Task item.
Your task is to give the listing below back word for word, pictures excluded.

Supplied material.
>>>>>
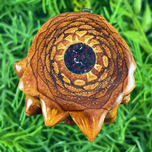 Our handmade pendants are crafted from sustainably wild-gathered Knobcone Pinecones. Every Aura Pinecone is carefully dried, aged, and cross-sectioned before being meticulously designed.
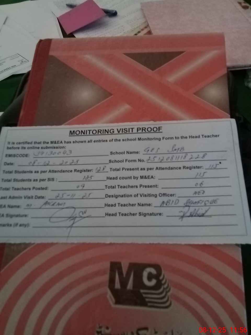 | Attendance Register | Head Teacher | MEA with School | Visit Proof |
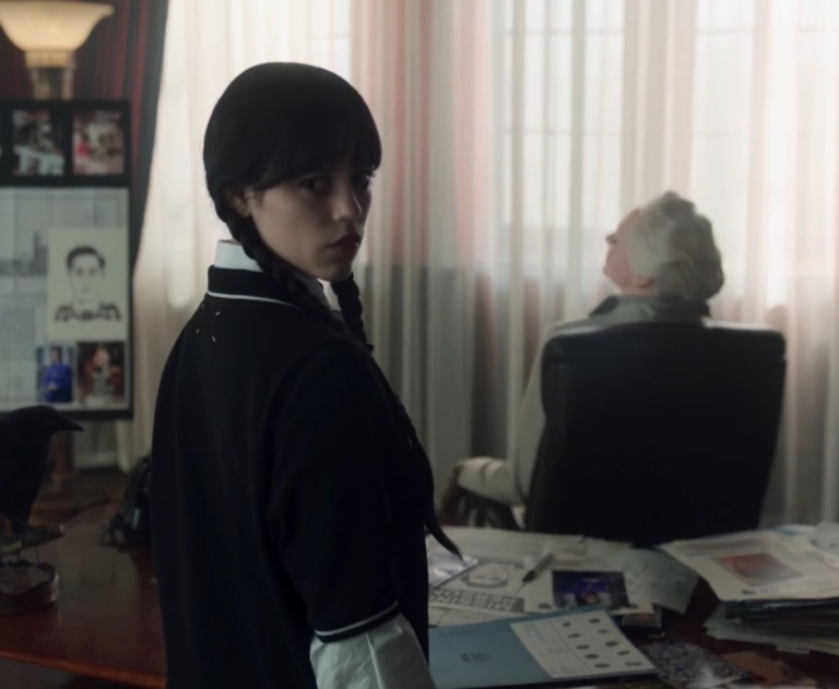 U tom spoju, Maison Margiela kroz materijal istražuje ono što je skriveno ispod površine, baš kao što Wednesday istražuje mračnu stranu sveta. Njena stroga silueta, odsustvo ornamenta i kontrolisana ekspresija deluju kao vizuelna manifestacija dekonstrukcionističkog principa. Istina se ne nalazi u celini, već u njenom razlaganju. Margielina haljina, svedena i prepravljena za seriju, postaje metafora introspekcije – spolja minimalistička, iznutra složena, gotovo hermetična.
<<<<<
Answer space.
 Our handmade pendants are crafted from sustainably wild-gathered Knobcone Pinecones. Every Aura Pinecone is carefully dried, aged, and cross-sectioned before being meticulously designed.
 | Attendance Register | Head Teacher | MEA with School | Visit Proof |
 U tom spoju, Maison Margiela kroz materijal istražuje ono što je skriveno ispod površine, baš kao što Wednesday istražuje mračnu stranu sveta. Njena stroga silueta, odsustvo ornamenta i kontrolisana ekspresija deluju kao vizuelna manifestacija dekonstrukcionističkog principa. Istina se ne nalazi u celini, već u njenom razlaganju. Margielina haljina, svedena i prepravljena za seriju, postaje metafora introspekcije – spolja minimalistička, iznutra složena, gotovo hermetična.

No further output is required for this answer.